Enhancing plant gene annotation and gene expression analysis

Duckweed is the fastest growing plant on Earth, and this attribute, combined with its small genome, minimal gene set, aquatic lifestyle, and transformation system are behind its recent resurgence as a model research organism. Furthermore, some species of duckweed such as Wolffia arrhizal, known as khai-nam (or ‘eggs of the water’) in Thailand, are edible, offering the potential for a new generation of fast-growing, nutritious, and sustainable crops.

Comprised of five genera (Spirodela, Landoltia, Lemna, Wolffiella, and Wolffia), duckweed genome sizes span an order of magnitude — from 150 Mb (Spirodela) to 1,881 Mb (Wolffia).

Possessing the largest body, smallest genome, and fewest genes, researchers at the J. Craig Venter Institute (JCVI) sought to further characterise the genome of Spirodela polyrhiza and study gene expression using full-length nanopore cDNA sequencing reads1. Initial genomic analysis using long nanopore sequencing reads and optical mapping allowed the generation of a highly contiguous genome assembly with chromosome-arm level resolution2. The assembly also allowed the identification of errors in previous reference genomes created using short-read sequencing technology.

‘We demonstrate here the capability of the low-cost, long-read sequencing technologies such as the Oxford Nanopore platform to provide genome-wide, sequence-based validation of sequence assemblies at high resolution as well as to identify likely regions of mis-assembly in a genome draft’2

Daily light-dark cycles and the internal circadian clock drive most plant gene processes to specific times of the day, and, as such, time-of-day (TOD) sampling can provide greater insight into different gene expression networks. Utilising the long-read capability of nanopore technology, the JCVI team performed full-length cDNA (FL-cDNA) transcriptome sequencing of Spirodela polyrhiza samples taken every four hours over two days. The resultant expression data was found to be highly concordant to that obtained using short-read sequencing technology; however, as the nanopore reads were full length, far fewer of them were required to identify cycling genes (i.e. genes whose expression levels change dependent on time of day)1. The FL-cDNA reads were also found to provide more accurate gene models than those obtained using traditional short-read technology (Figure 8).

Figure 8: Full-length cDNA sequencing using nanopore technology allowed the creation of more accurate gene models than provided by short-read sequencing technology. Figure kindly provided by Professor Todd Michael, JCVI, US1.
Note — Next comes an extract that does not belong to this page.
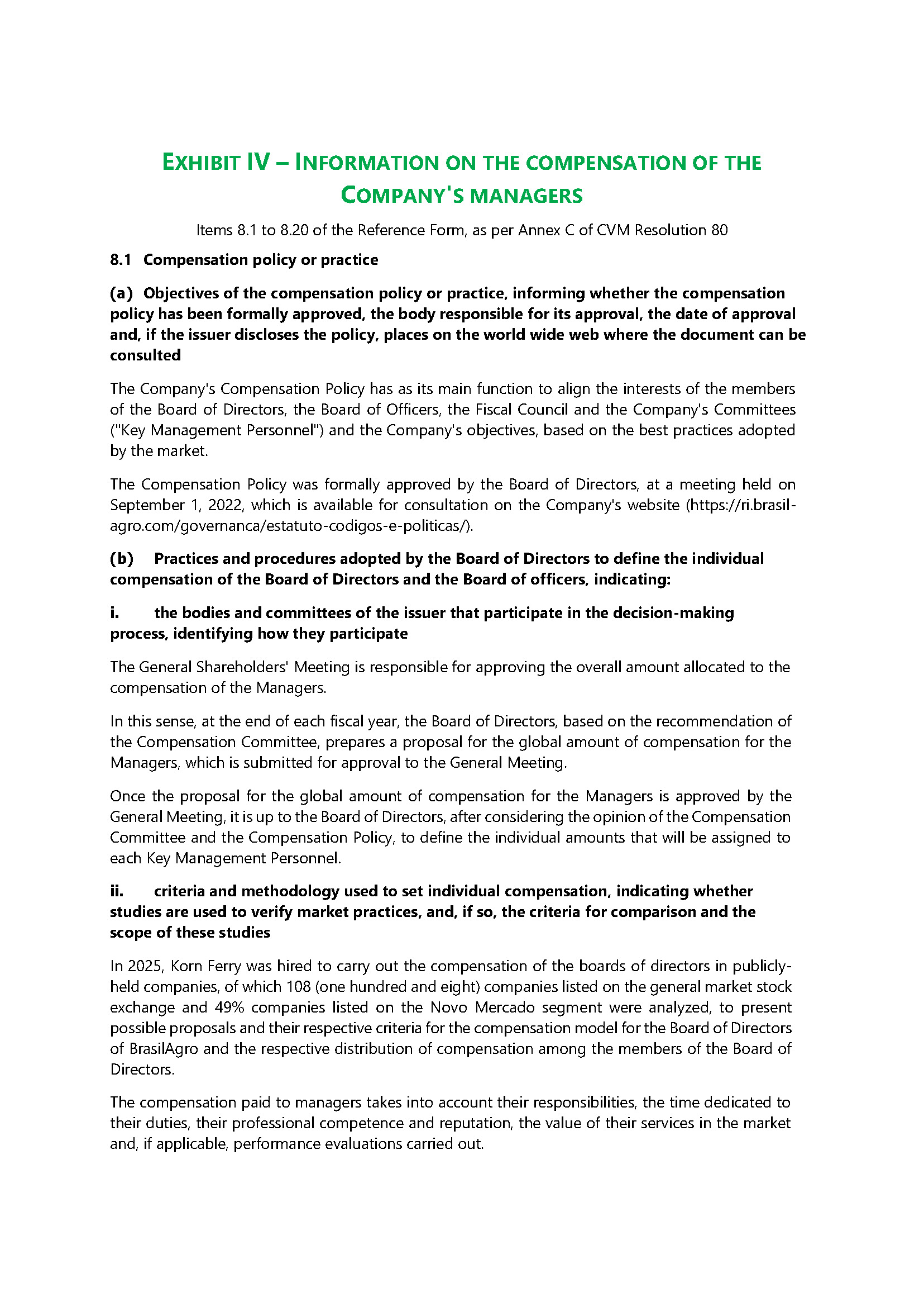 E XHIBIT IV – I NFORMATION ON THE COMPENSATION OF THE C OMPANY ' S MANAGERS Items 8.1 to 8.20 of the Reference Form, as per Annex C of CVM Resolution 80 8.1 Compensation policy or practice (a) Objectives of the compensation policy or practice, informing whether the compensation policy has been formally approved, the body responsible for its approval, the date of approval and, if the issuer discloses the policy, places on the world wide web where the document can be consulted The Company's Compensation Policy has as its main function to align the interests of the members of the Board of Directors, the Board of Officers, the Fiscal Council and the Company's Committees ("Key Management Personnel") and the Company's objectives, based on the best practices adopted by the market . The Compensation Policy was formally approved by the Board of Directors, at a meeting held on September 1 , 2022 , which is available for consultation on the Company's website (https : //ri . brasil - agro . com/governanca/estatuto - codigos - e - politicas/) . (b) Practices and procedures adopted by the Board of Directors to define the individual compensation of the Board of Directors and the Board of officers, indicating: i. the bodies and committees of the issuer that participate in the decision - making process, identifying how they participate The General Shareholders' Meeting is responsible for approving the overall amount allocated to the compensation of the Managers . In this sense, at the end of each fiscal year, the Board of Directors, based on the recommendation of the Compensation Committee, prepares a proposal for the global amount of compensation for the Managers, which is submitted for approval to the General Meeting . Once the proposal for the global amount of compensation for the Managers is approved by the General Meeting, it is up to the Board of Directors, after considering the opinion of the Compensation Committee and the Compensation Policy, to define the individual amounts that will be assigned to each Key Management Personnel . ii. criteria and methodology used to set individual compensation, indicating whether studies are used to verify market practices, and, if so, the criteria for comparison and the scope of these studies In 2025 , Korn Ferry was hired to carry out the compensation of the boards of directors in publicly - held companies, of which 108 (one hundred and eight) companies listed on the general market stock exchange and 49 % companies listed on the Novo Mercado segment were analyzed, to present possible proposals and their respective criteria for the compensation model for the Board of Directors of BrasilAgro and the respective distribution of compensation among the members of the Board of Directors . The compensation paid to managers takes into account their responsibilities, the time dedicated to their duties, their professional competence and reputation, the value of their services in the market and, if applicable, performance evaluations carried out .

Critically, the long nanopore reads also enabled the identification of many more alternative gene transcripts, enabling more powerful, comprehensive analyses (Figure 9).


Figure 9: Full-length nanopore cDNA sequencing reads enabled the identification of more transcript isoforms than a traditional short-read RNA-Seq methodology. Figure kindly provided by Professor Todd Michael, JCVI, US1.

Using FL-cDNA reads to analyse the expression of LHY, a key circadian clock gene, the team were able to correlate alternative isoform expression with different timepoints. In addition, a number of novel transcripts were identified that the team plan to further validate. Furthermore, the FL-cDNA allowed expression analysis of paralogous genes (caused by tandem repeats and whole genome duplications), revealing that these genes often have distinctly different expression levels and cycling. Lead researcher Professor Todd Michael described this as a ‘game-changer’ in plant gene expression analysis, allowing greater insights into polyploidy and recent genome duplications1. Highlighting the accessibility of nanopore technology, all of the library preparation and sequencing work was undertaken by an undergraduate student.

This case study is taken from the plant research white paper.

  1. Michael, T. Full-length cDNA sequencing coupled to time-of-day sampling  enables enhanced gene prediction in the fastest growing plant on Earth. Presentation. Available at: https://nanoporetech.com/resource-centre [Accessed: 15 December 2019]
  2. Hoang, P.N.T. et al. Generating a high-confidence reference genome map of the Greater Duckweed by integration of cytogenomic, optical mapping, and Oxford Nanopore technologies. Plant J. 96(3):670-684 (2018).